Problem details: From the listing below, give again exactly the lines from the line with "East Ayrshire Recovery College" to the line with "The sprocket hub is", ends included, without any pictures.

Supplied entries:
****
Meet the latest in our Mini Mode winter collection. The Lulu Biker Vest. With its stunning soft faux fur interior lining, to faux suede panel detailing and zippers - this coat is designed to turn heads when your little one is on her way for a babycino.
****
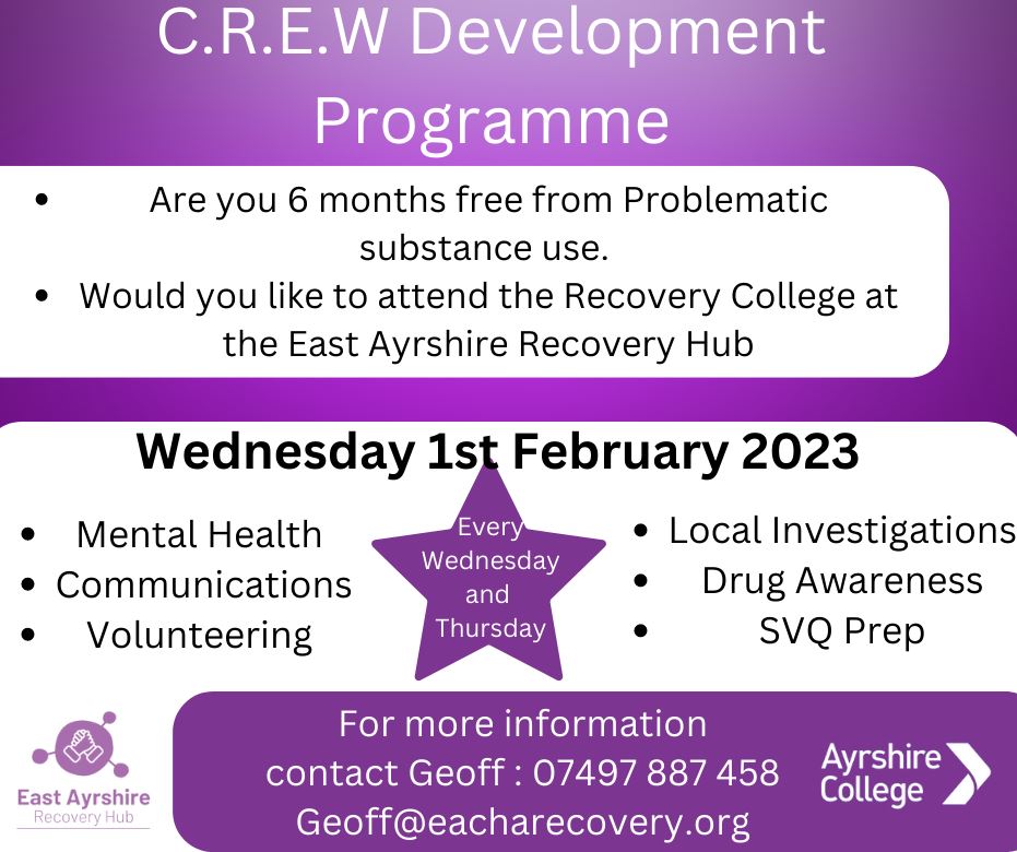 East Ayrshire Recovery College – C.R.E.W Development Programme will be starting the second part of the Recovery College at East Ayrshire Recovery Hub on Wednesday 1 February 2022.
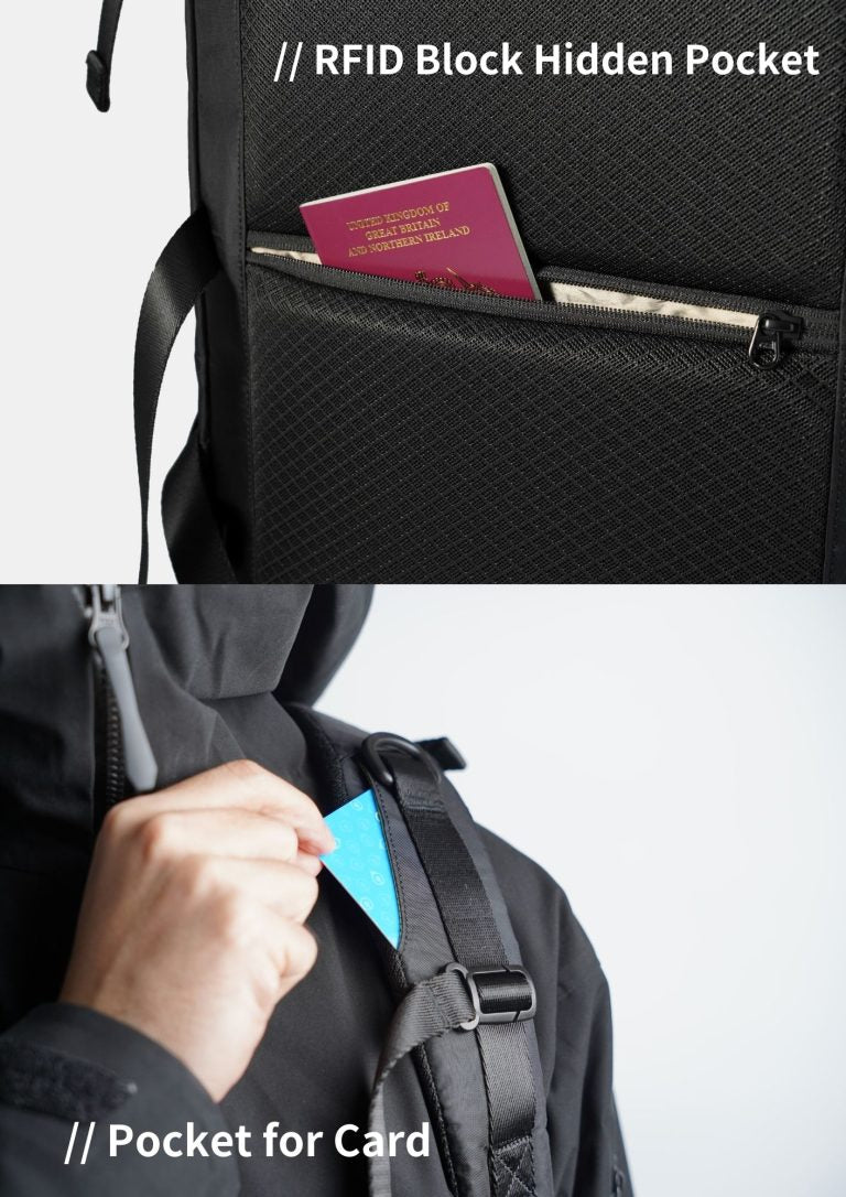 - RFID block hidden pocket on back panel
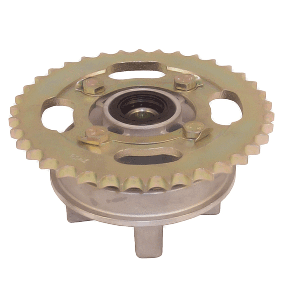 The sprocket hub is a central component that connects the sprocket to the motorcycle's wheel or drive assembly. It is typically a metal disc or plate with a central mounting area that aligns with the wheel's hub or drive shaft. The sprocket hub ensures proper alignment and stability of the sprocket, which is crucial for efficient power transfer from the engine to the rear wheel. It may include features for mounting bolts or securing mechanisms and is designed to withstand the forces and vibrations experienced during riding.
****
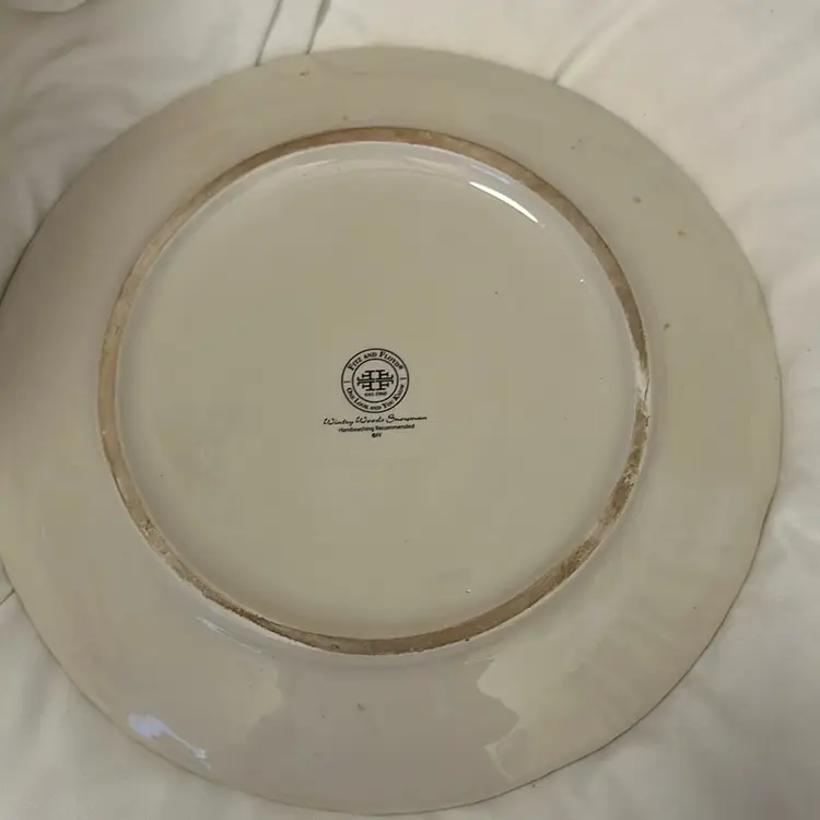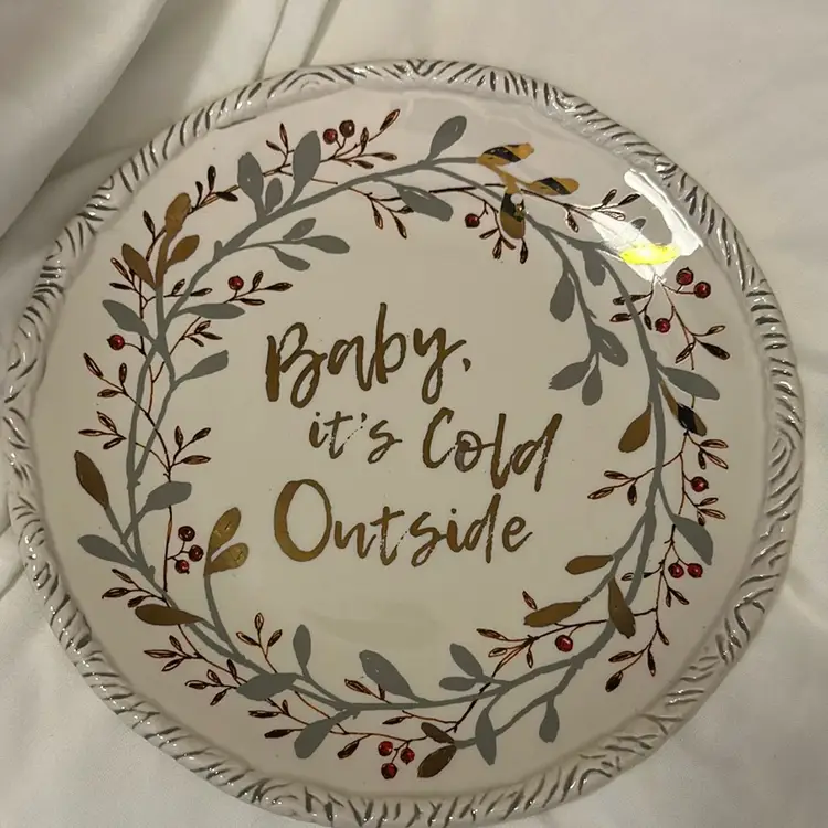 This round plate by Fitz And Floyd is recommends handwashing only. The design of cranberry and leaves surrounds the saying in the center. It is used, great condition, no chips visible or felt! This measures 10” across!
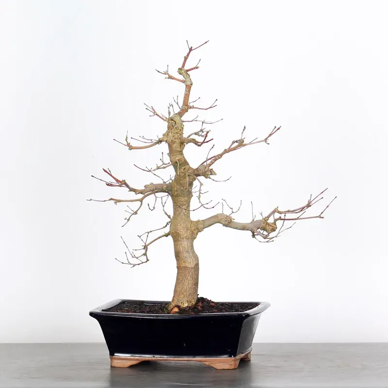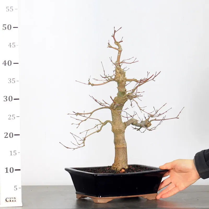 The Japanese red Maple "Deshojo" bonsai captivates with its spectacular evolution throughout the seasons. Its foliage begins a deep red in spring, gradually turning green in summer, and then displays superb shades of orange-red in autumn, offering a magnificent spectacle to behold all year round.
****
Finished task:
 East Ayrshire Recovery College – C.R.E.W Development Programme will be starting the second part of the Recovery College at East Ayrshire Recovery Hub on Wednesday 1 February 2022.
 - RFID block hidden pocket on back panel
 The sprocket hub is a central component that connects the sprocket to the motorcycle's wheel or drive assembly. It is typically a metal disc or plate with a central mounting area that aligns with the wheel's hub or drive shaft. The sprocket hub ensures proper alignment and stability of the sprocket, which is crucial for efficient power transfer from the engine to the rear wheel. It may include features for mounting bolts or securing mechanisms and is designed to withstand the forces and vibrations experienced during riding.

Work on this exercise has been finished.